Алекса заставила себя вернуться в настоящее — к невероятному контракту на шесть миллионов долларов и невероятно привлекательному мужчине, желавшему с ней поужинать.
— Я не умею готовить, но думаю, могла бы заказать что-нибудь в ресторане «Арена».
— Ты предлагаешь гурманствовать на дому?
— Почему бы и нет? Считаешь, я не смогу с ними договориться?
— Более чем уверен, что сможешь. Но позволь мне на этот раз вывезти тебя куда-нибудь. Что у тебя в этот уик-энд? — Поскольку Алекса замешкалась с ответом, Джеймс предположил, что она просматривает расписание спектакля «Ромео и Джульетта» и свой, несомненно, напряженный график публичных выступлений. — Все забито? — в конце концов поинтересовался он.
— Нет. У влюбленных подростков выход в пятницу вечером, после чего они свободны до понедельника. Компания «Шекспир на Бродвее» представляет этой весной четыре пьесы: в выходные пойдут «Ричард III», «Гамлет» и «Буря».
— Но?..
— Но я планировала провести уик-энд в Мэриленде.
— Где в Мэриленде?
— Около тридцати километров к востоку от Вашингтона. До прошлого ноября, пока снималась «Пенсильвания-авеню», я жила в городском доме в Джорджтауне, но теперь у меня есть крошечный уединенный коттедж, примостившийся на скале с видом на Чесапикский залив. Домик замечательный, но с ним придется немного повозиться.
— В духе Лауры Эшли?
— Там действительно нужно было сделать кое-что внутри, но я смогла справиться с этими работами за зиму. Теперь в доме все цветет, но он совершенно запущен. Бригада садовников из местного питомника уже выполнила самую трудоемкую работу — подготовила почву. Осталось только посадить розы, которые прибудут в пятницу.
— И именно этим ты намерена заняться в уик-энд?
— Да. Это мой первый сад. Мне нравится идея самой разводить цветы.
— Если твой коттедж находится в тридцати милях к северу от столицы, — сказал он после минутного размышления, — и смотрит на залив, то он скорее всего находится недалеко от пристани Мальборо…
— Действительно, и совсем близко. А ты откуда знаешь?
— Мой дом, вернее, дом моих родителей в пяти милях севернее пристани.
— Вот это да!
— Дом моих родителей и моя яхта. Так что…
— Что?
— А то, что коли уж я не получаю приглашения на ужин с тобой в Нью-Йорке, я проведу уик-энд, плавая на яхте вдоль Мэриленда.

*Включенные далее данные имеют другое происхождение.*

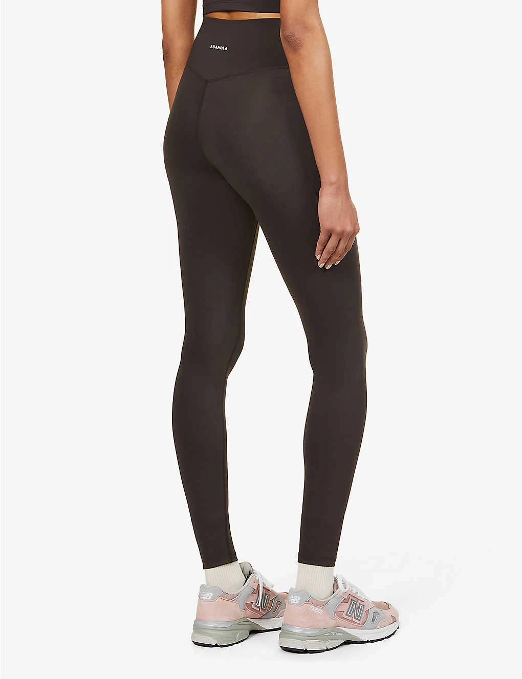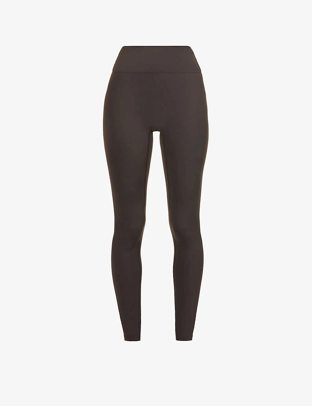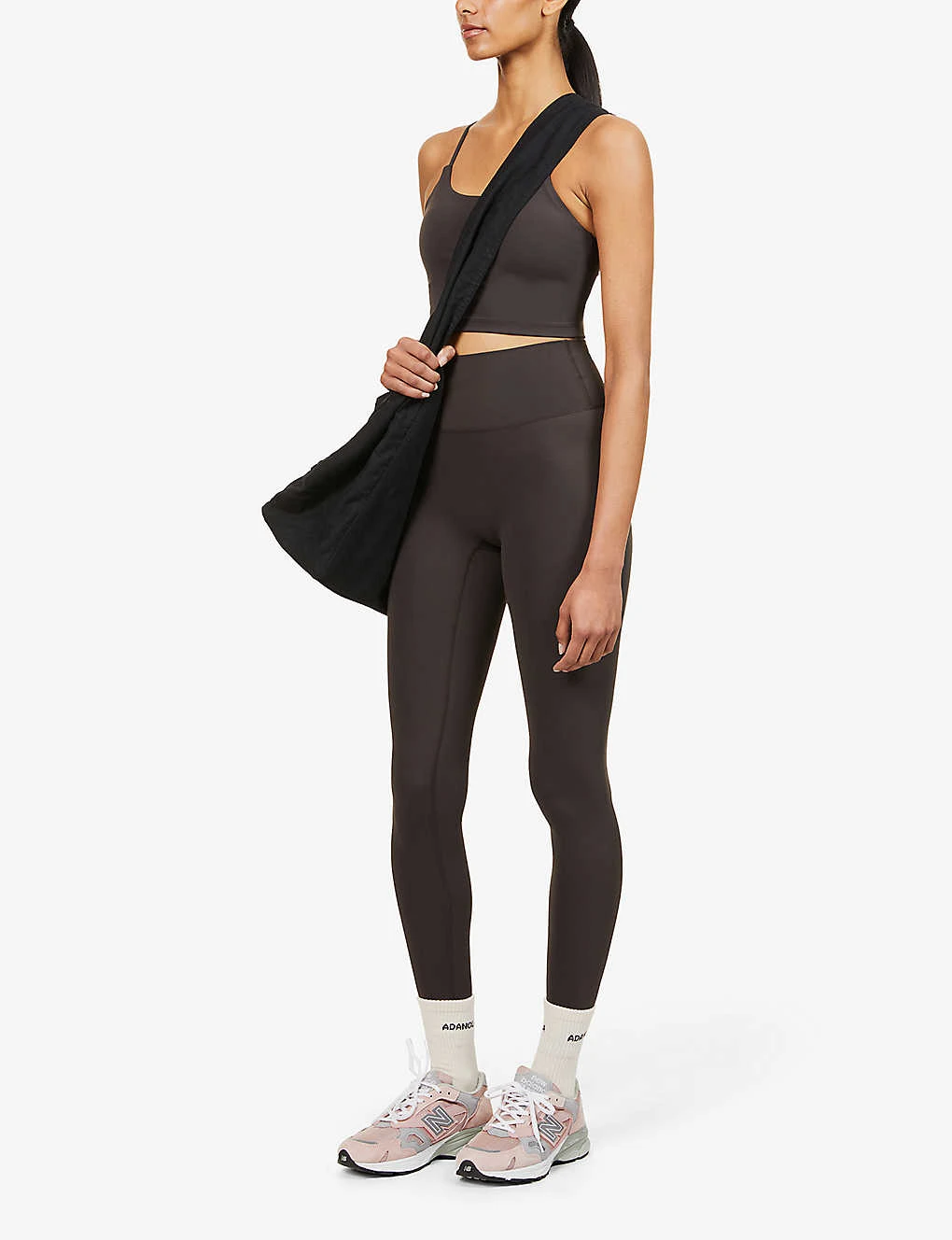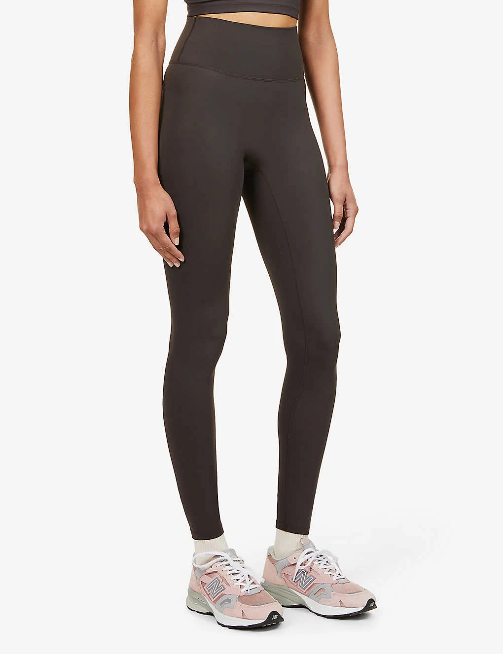 - Slim fit, high rise, full-length leg, seamless at front, brand text print at back, four-way stretch fabric

Если хочешь, мы можем поехать туда вместе, а вечером, если тебя не слишком вымотают труды садовода, мы поужинаем в охотничьем клубе «Мальборо». Алекса, только скажи…
— Да.
— Доброе утро!
— Привет.
От желания поскорее увидеть Джеймса у Алексы учащенно забилось сердце. Правда, она боялась, что ее впечатлительность может сыграть с ней злую шутку. Стерлинг был в тот вечер в шелковом смокинге, и был лунный свет, и дивные розы, и…
Но когда Джеймс в субботу заехал за ней, Алекса убедилась в том, что даже при ярком свете утреннего солнца его глаза остались темно-голубыми, почти синими, такими же, как и при лунном свете, улыбка такой же чувственной, волосы такими же черными и блестящими. В потертых синих джинсах он был не менее элегантен, чем в смокинге. Высокий, стройный — само изящество и сила. Да, в случае с адвокатом Стерлингом не одежда красила человека, а скорее наоборот.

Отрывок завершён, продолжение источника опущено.